[[ DATA UNDER STUDY open ]]

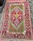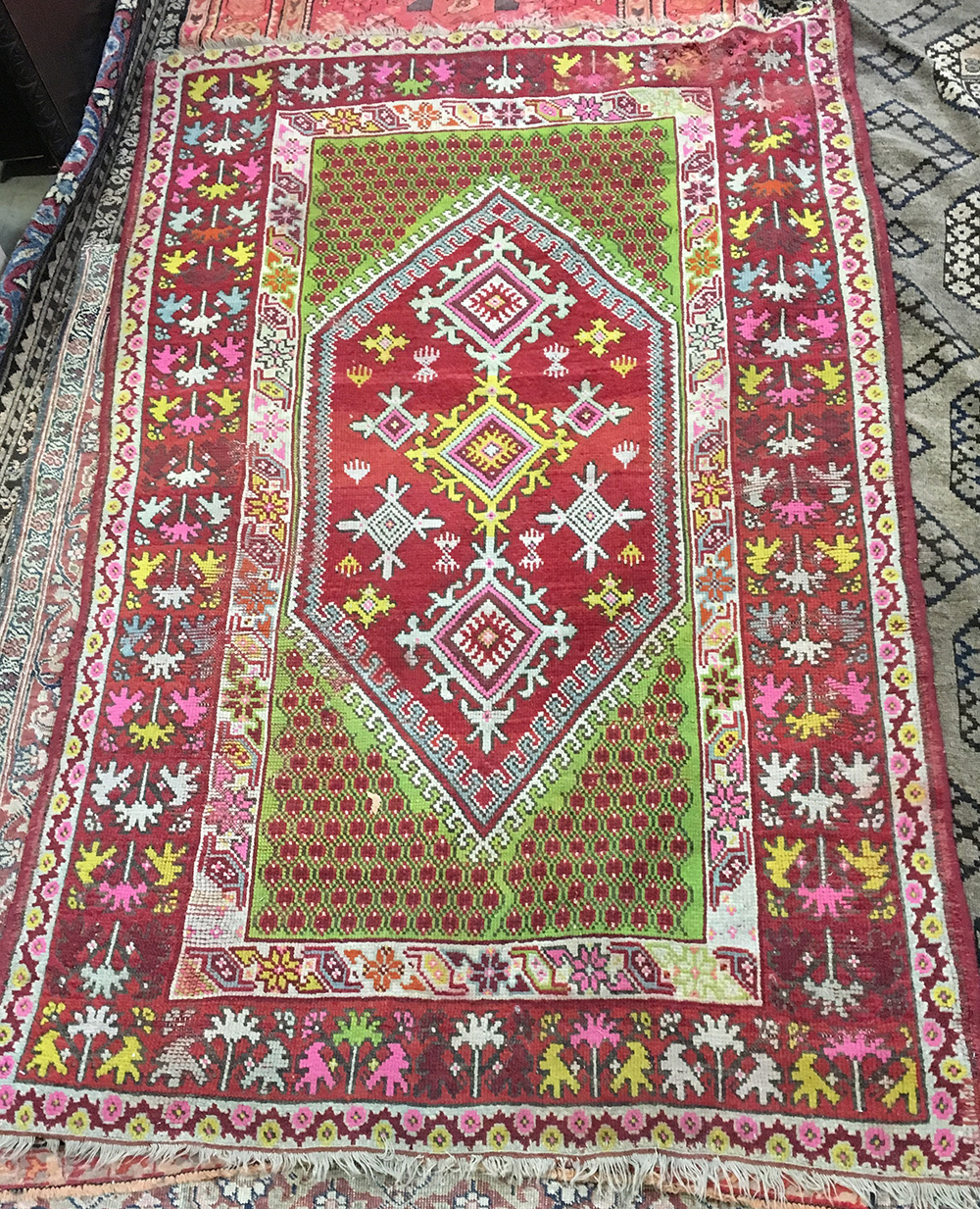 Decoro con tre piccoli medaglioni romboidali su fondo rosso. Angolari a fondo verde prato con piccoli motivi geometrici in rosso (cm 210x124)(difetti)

[[ DATA UNDER STUDY closed ]]
[[ DATA UNDER STUDY open ]]

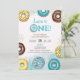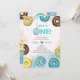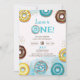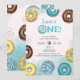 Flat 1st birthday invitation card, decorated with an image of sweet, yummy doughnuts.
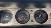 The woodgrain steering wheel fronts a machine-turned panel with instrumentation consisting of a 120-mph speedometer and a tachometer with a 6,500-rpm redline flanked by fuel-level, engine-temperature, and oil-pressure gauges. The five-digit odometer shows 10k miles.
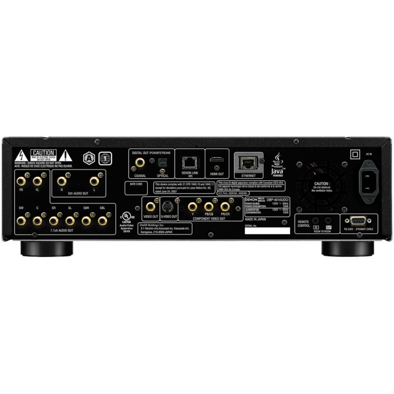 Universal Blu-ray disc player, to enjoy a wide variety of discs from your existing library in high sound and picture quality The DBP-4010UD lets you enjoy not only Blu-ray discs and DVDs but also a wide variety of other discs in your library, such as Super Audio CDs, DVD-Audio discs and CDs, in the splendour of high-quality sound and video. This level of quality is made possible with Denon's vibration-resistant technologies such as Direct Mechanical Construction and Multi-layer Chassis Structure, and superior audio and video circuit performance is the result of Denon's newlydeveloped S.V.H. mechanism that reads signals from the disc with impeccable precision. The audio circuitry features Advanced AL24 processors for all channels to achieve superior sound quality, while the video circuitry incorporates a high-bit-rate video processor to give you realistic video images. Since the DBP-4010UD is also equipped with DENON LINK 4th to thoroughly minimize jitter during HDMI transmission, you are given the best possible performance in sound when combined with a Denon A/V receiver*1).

[[ DATA UNDER STUDY closed ]]

EXERCISE:
Look above for the line with "The woodgrain steering" and the line with "Universal Blu-ray disc", then copy them and all lines in between exactly as written, and only those, without any pictures.

RESULT OF THE EXERCISE:
 The woodgrain steering wheel fronts a machine-turned panel with instrumentation consisting of a 120-mph speedometer and a tachometer with a 6,500-rpm redline flanked by fuel-level, engine-temperature, and oil-pressure gauges. The five-digit odometer shows 10k miles.
 Universal Blu-ray disc player, to enjoy a wide variety of discs from your existing library in high sound and picture quality The DBP-4010UD lets you enjoy not only Blu-ray discs and DVDs but also a wide variety of other discs in your library, such as Super Audio CDs, DVD-Audio discs and CDs, in the splendour of high-quality sound and video. This level of quality is made possible with Denon's vibration-resistant technologies such as Direct Mechanical Construction and Multi-layer Chassis Structure, and superior audio and video circuit performance is the result of Denon's newlydeveloped S.V.H. mechanism that reads signals from the disc with impeccable precision. The audio circuitry features Advanced AL24 processors for all channels to achieve superior sound quality, while the video circuitry incorporates a high-bit-rate video processor to give you realistic video images. Since the DBP-4010UD is also equipped with DENON LINK 4th to thoroughly minimize jitter during HDMI transmission, you are given the best possible performance in sound when combined with a Denon A/V receiver*1).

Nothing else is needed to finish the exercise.